There is one other thing that the Hype Cycle has done for general technology adoption, and that is that it has managed to focus business stakeholders views on investment and when it may be required. Trying to explain to the Chief Financial Officer that its time to invest in one particular type of technology or another is difficult enough at the best of times, but if you can provide a product Life-Cycle/Hype-Cycle approach to your explanations, things tend to get a little easier and the thinking behind decisions can be articulated better.
In conclusion, the Hype Cycle is a valuable tool for understanding the dynamics of technological innovation and its impact on markets and society.
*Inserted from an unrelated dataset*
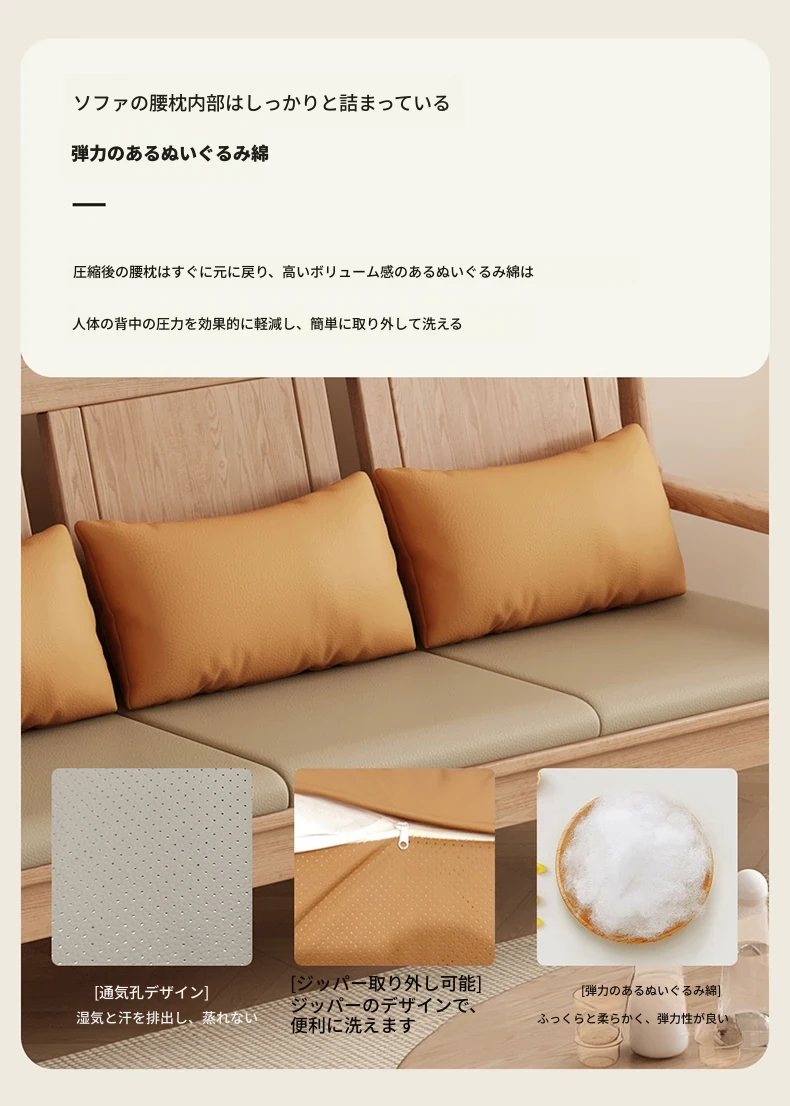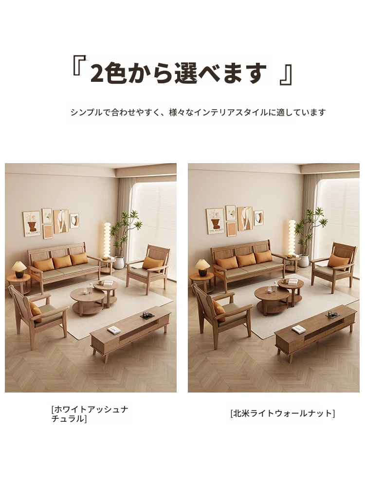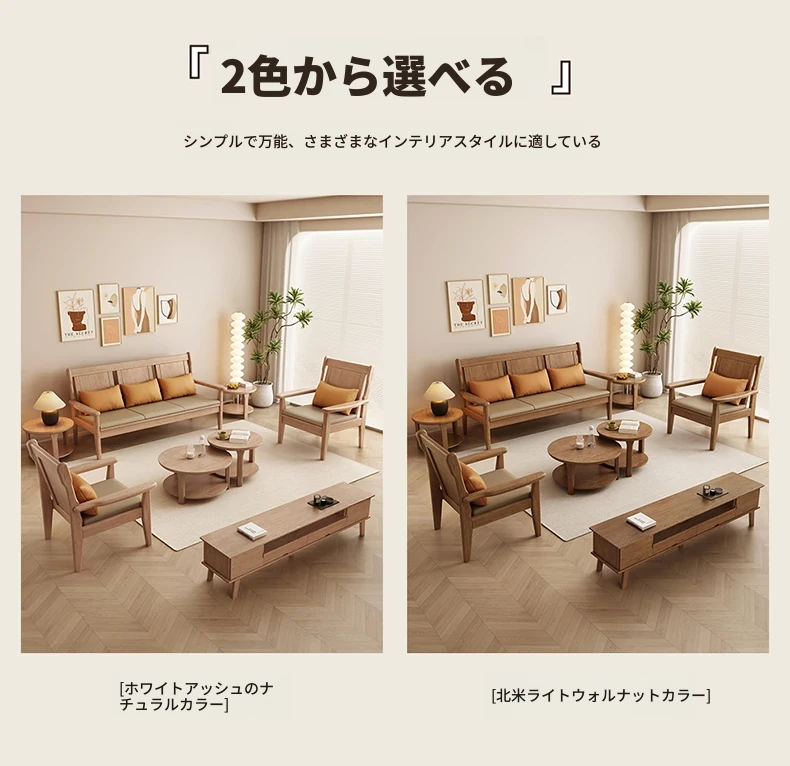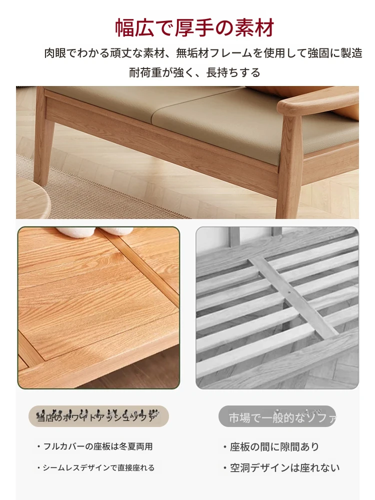 北欧風のホワイトアッシュ無垢材ソファセット - シンプルでモダンなデザイン、コンパクトなリビングや民宿に最適!自然の温もりを感じる本格的な無垢材ソファ。

By anticipating this progression, organisations can make more informed technology investment and planning decisions aligned to actual maturity levels rather than getting caught up in the hype. Recognising hype as temporary and remaining focused on genuine utility is critical to extracting meaningful value from emerging innovations. By recognising the stages of the Hype Cycle, organisations can better determine when a technology is ready for adoption and avoid investing in overhyped trends. Businesses can concentrate on the genuine utility of emerging innovations and make informed decisions rather than letting fleeting excitement influence them. Ultimately, this approach allows for extracting meaningful value from technology investments and ensures alignment with actual maturity levels.